What NOT to Say During a Security Audit of Your Startup

Founders and CTOs often say or do terrible things in security audits. Over the last three years, I have personally played a role in over 100 vendor security audits as both the auditor and the audited. I’ve worked with 100s more startup founders and CTOs as they navigate through enterprise vendor security audits. Many of these were security audits of a startup trying to land a big sales deal with a potential Fortune 500 customer. Data protection is a top priority as enterprise and government organizations closely scrutinize all their vendors.

During a security audit, there are great, smart answers that you can give that show you as a vendor are on top of your game. On the other hand, there are no-good, terrible answers to say or write when you’re responding to a security audit.

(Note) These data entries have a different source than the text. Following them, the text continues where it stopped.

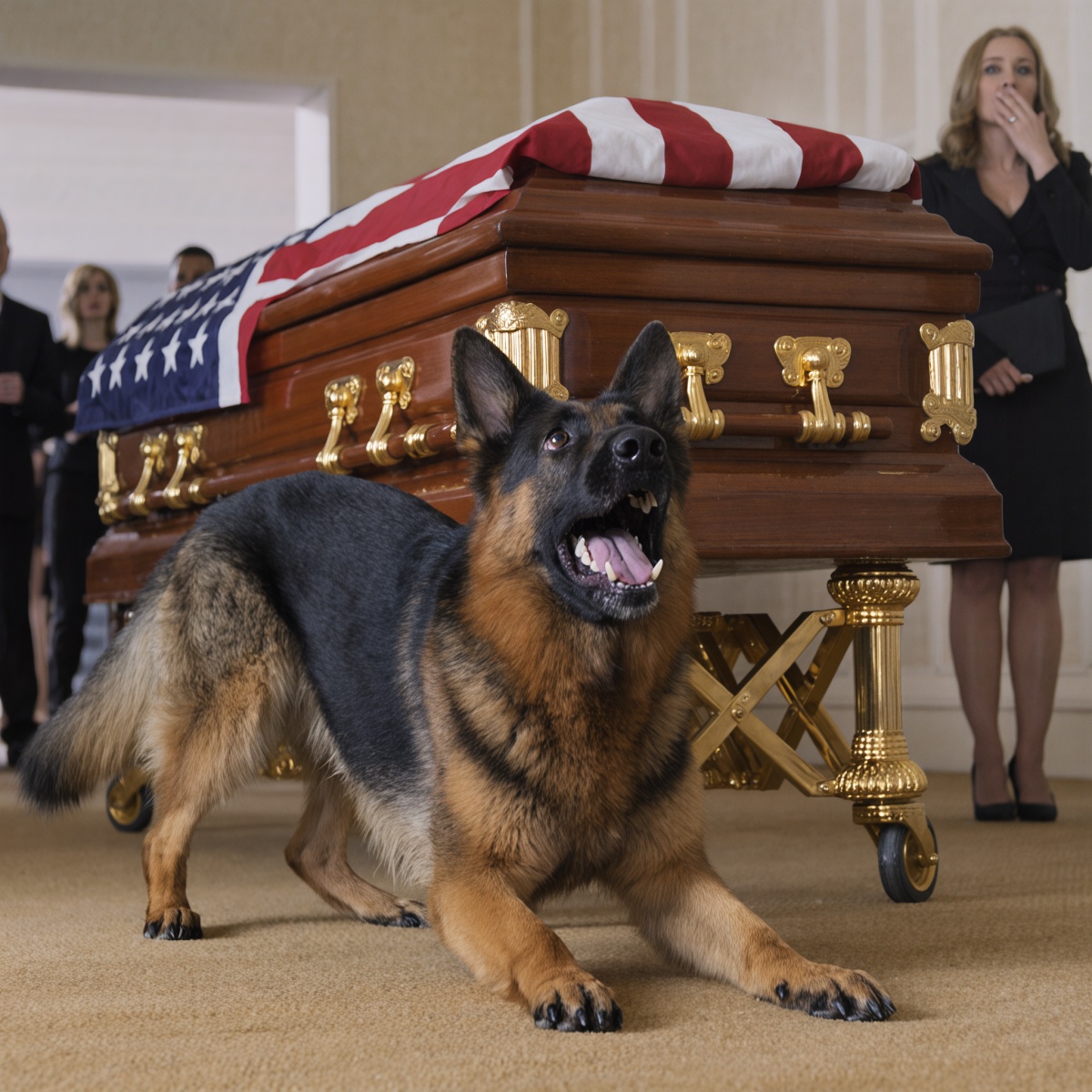 Not a lunge, not the senseless flinging of an untrained dog. A straight line toward the coffin—paws a rapid drum on the floor, the leash drawing tight, Carson’s shoulder wrenching. The floral arrangements trembled and spilled, white roses tumbling like snow around the casket stand. A woman cried out. Someone grabbed a child and pulled him close. Max came up on his hind legs, forepaws against the velvet skirting, nose pressed to the wood, and let loose a bark that felt like it came from the building’s foundation.
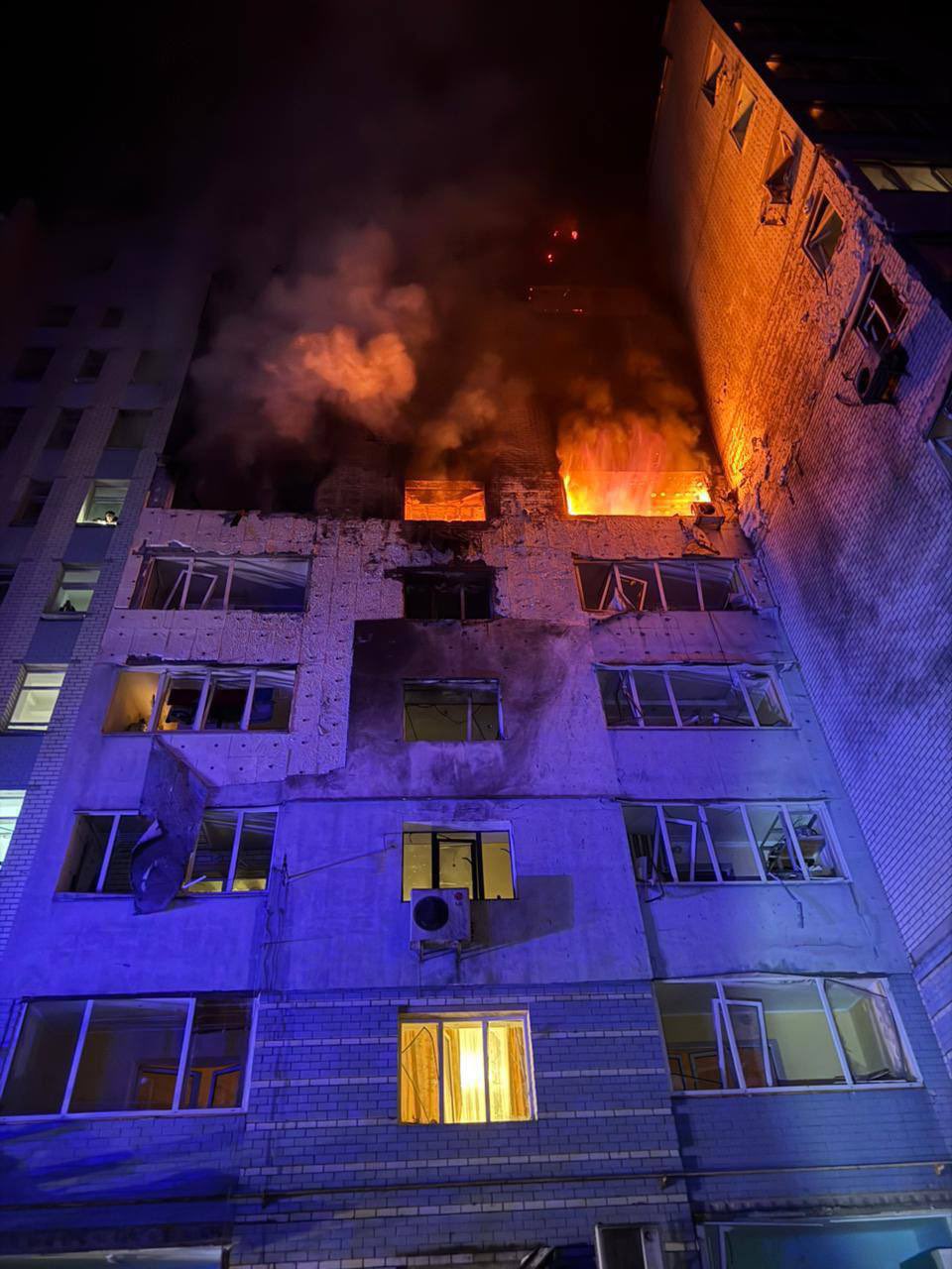 Ministarstvo unutrašnjih poslova Ukrajine navelo je kako su komadi drona ubile dva muškarca i jednu ženu u središnjoj regiji Kijeva te da je još jedna osoba povrijeđena. U napadu je oštećena stambena višespratnica, osam privatnih kuća, komercijalni objekti i nekoliko privatnih automobila, rekli su kijevski mediji.
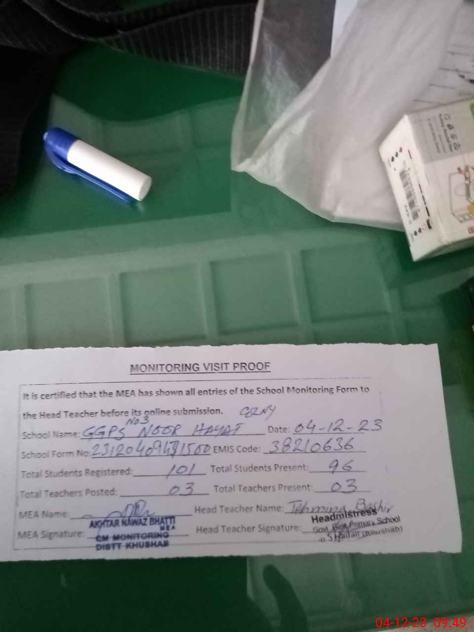 | Attendance Register | Head Teacher | MEA with School | Visit Proof |
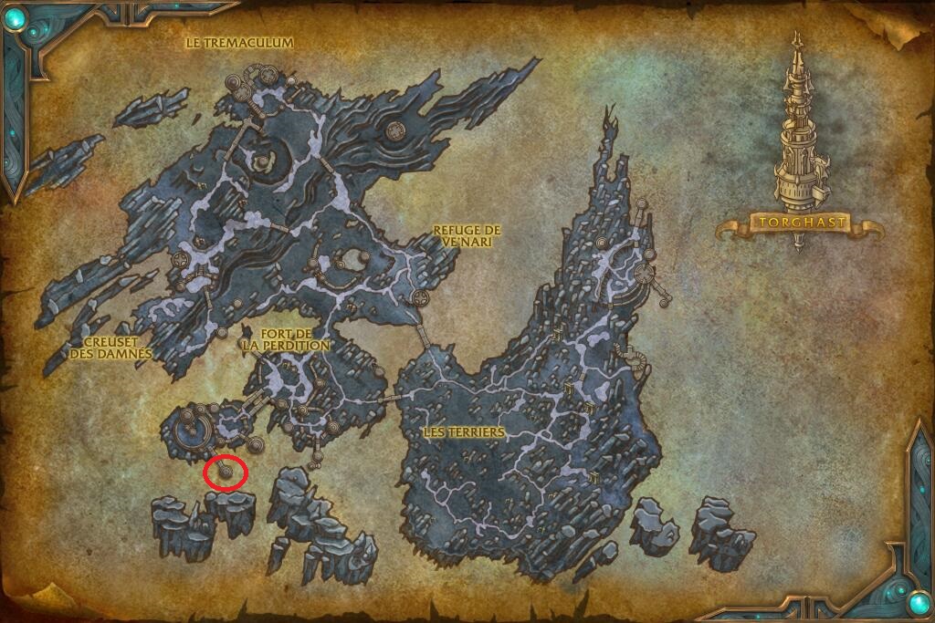 Cette forge est placée sur une plateforme qui surplombe la créature rare "Exos, héraut de la domination". La prise de grappin pour atteindre la forge de l'âme est située sur la plateforme derrière Exos aux coordonnées 20,2 ; 67,0. Une fois que vous êtes monté sur la plateforme la plus élevée, l'enclume se situe aux coordonnées 20,2 ; 67,0.

6 Statements you should never make during vendor security audits

1. “My CTO (or some other person on our team) is pretty good with security and I know he does a bunch of stuff.”

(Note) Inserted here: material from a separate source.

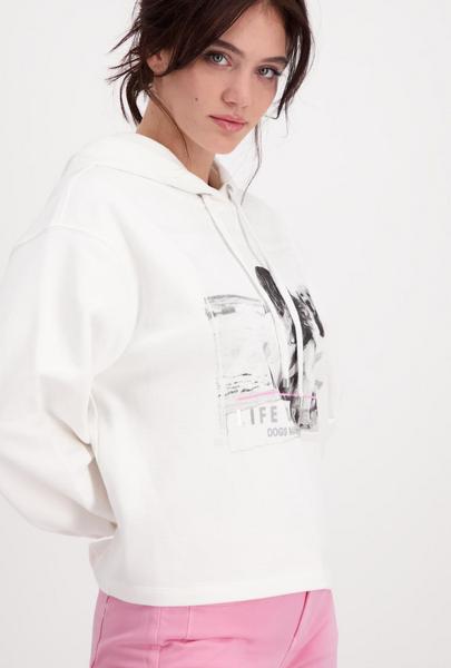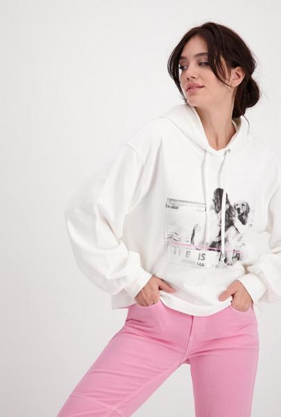 Zaubern Sie im Handumdrehen einen coolen Look mit diesem Kapuzen-Sweatshirt von monari. Die gerade Form wird von leicht überschnittenen Schultern mit verlängertem, abgerundetem Saum ergänzt. Die Vorderseite wird von einem coolen Druck mit einer Frau und einem Hund sowie glamourösen Schriftdetails stilvoll geschmückt, während die angenehme Sweat-Qualität aus hochwertigem Baumwoll-Mix für ein superwohliges Tragegefühl sorgt. Ein tolles Langarm-Piece zu einer knalligen Hose mit ausgestellten Beinabschlüssen.
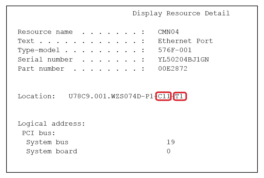 In the example above we can see that CMN04 is T1 (top) port of the Ethernet card in slot C11

Yes, it is absolutely a good thing to have someone on your team with security knowledge and experience. However, there are two significant problems with this common statement.

First off, if the person you are referring to is the most knowledgeable and is actually doing the security work for your company… why is that person not on the call? At this point, if I am the auditor, I will end the call and ask that we schedule another with the security person on hand.

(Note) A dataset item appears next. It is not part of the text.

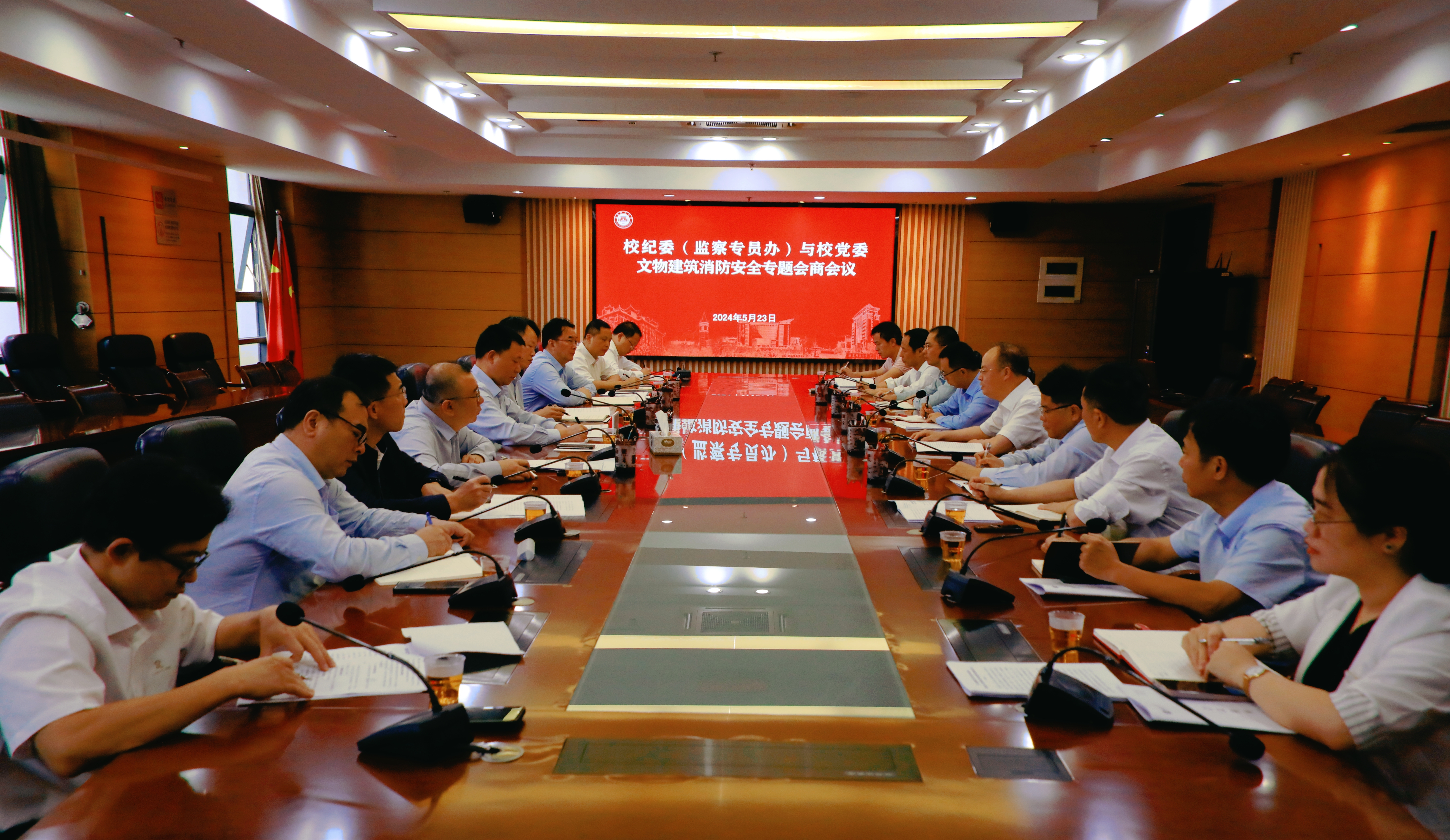 5月23日,校纪委(监察专员办)与校党委召开文物建筑消防安全专题会商会议,推动“两个责任”贯通联动、同向发力,以珍爱之心、尊崇之心保护好、传承好、利用好校史文物,延续历史文脉、增强文化自觉。受校党委书记潘玉腾委托,校党委副书记涂荣主持会议,校纪委书记林月恩出席会议并讲话,相关部门单位负责人参加会议。

The next issue here is that the business leaders who say this are outright admitting that they have no idea what things the security person is doing. That means they are not mandating security from the top down. They are not seeing reports on security operations. This is like telling the auditors that you don’t know and generally don’t care. If you aren’t aware of your own security procedures, that’s a sign that you need to start building a new cybersecurity program.

2. “We are in AWS and all of our email is in Google.”

This is the most common statement we hear. Allow me to translate this to what it means to a security professional: “I am completely naive and don’t know anything about securing my company or your data. I genuinely believe that because we are in the cloud, using industry-leading cloud applications and infrastructure, I can rest easy and not worry or even think about security.”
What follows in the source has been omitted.